## Given material
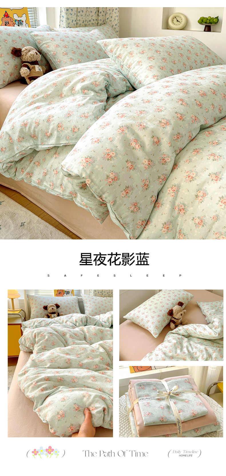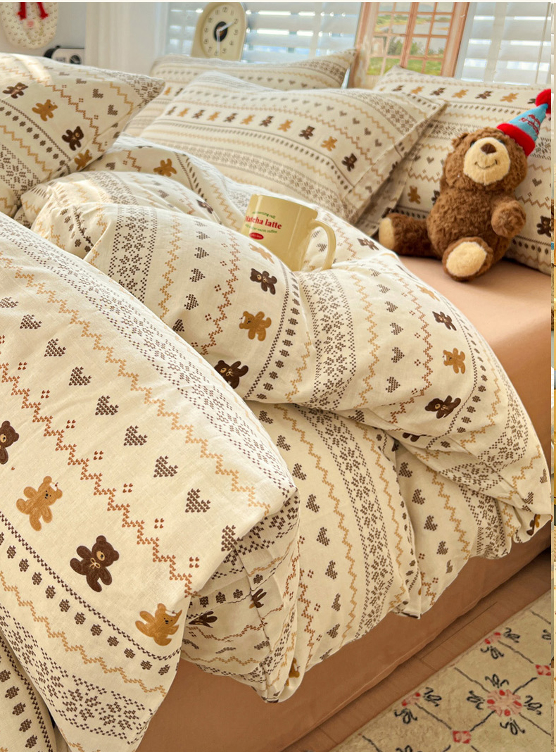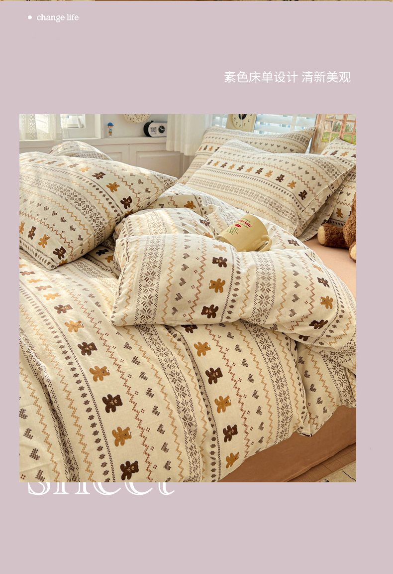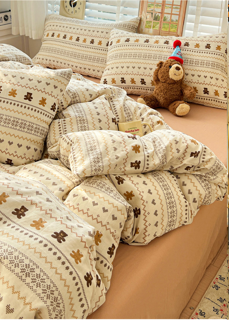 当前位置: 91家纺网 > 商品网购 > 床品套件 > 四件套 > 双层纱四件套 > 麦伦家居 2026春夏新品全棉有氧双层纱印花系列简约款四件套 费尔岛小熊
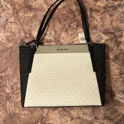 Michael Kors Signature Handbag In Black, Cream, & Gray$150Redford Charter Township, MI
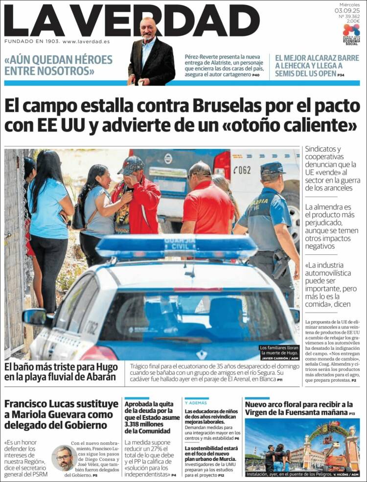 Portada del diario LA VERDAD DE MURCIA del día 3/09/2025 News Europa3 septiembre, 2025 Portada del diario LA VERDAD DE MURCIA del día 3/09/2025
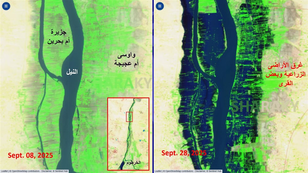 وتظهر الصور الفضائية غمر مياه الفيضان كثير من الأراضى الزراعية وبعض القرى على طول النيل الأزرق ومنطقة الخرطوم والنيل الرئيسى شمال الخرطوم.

## How to complete this task
Leave the pictures aside. Set down exactly the lines from the one with "Portada del diario LA VERDAD DE MURCIA del día 3/09/2025 News" through the final line of the listing above.

## Task response
 Portada del diario LA VERDAD DE MURCIA del día 3/09/2025 News Europa3 septiembre, 2025 Portada del diario LA VERDAD DE MURCIA del día 3/09/2025
 وتظهر الصور الفضائية غمر مياه الفيضان كثير من الأراضى الزراعية وبعض القرى على طول النيل الأزرق ومنطقة الخرطوم والنيل الرئيسى شمال الخرطوم.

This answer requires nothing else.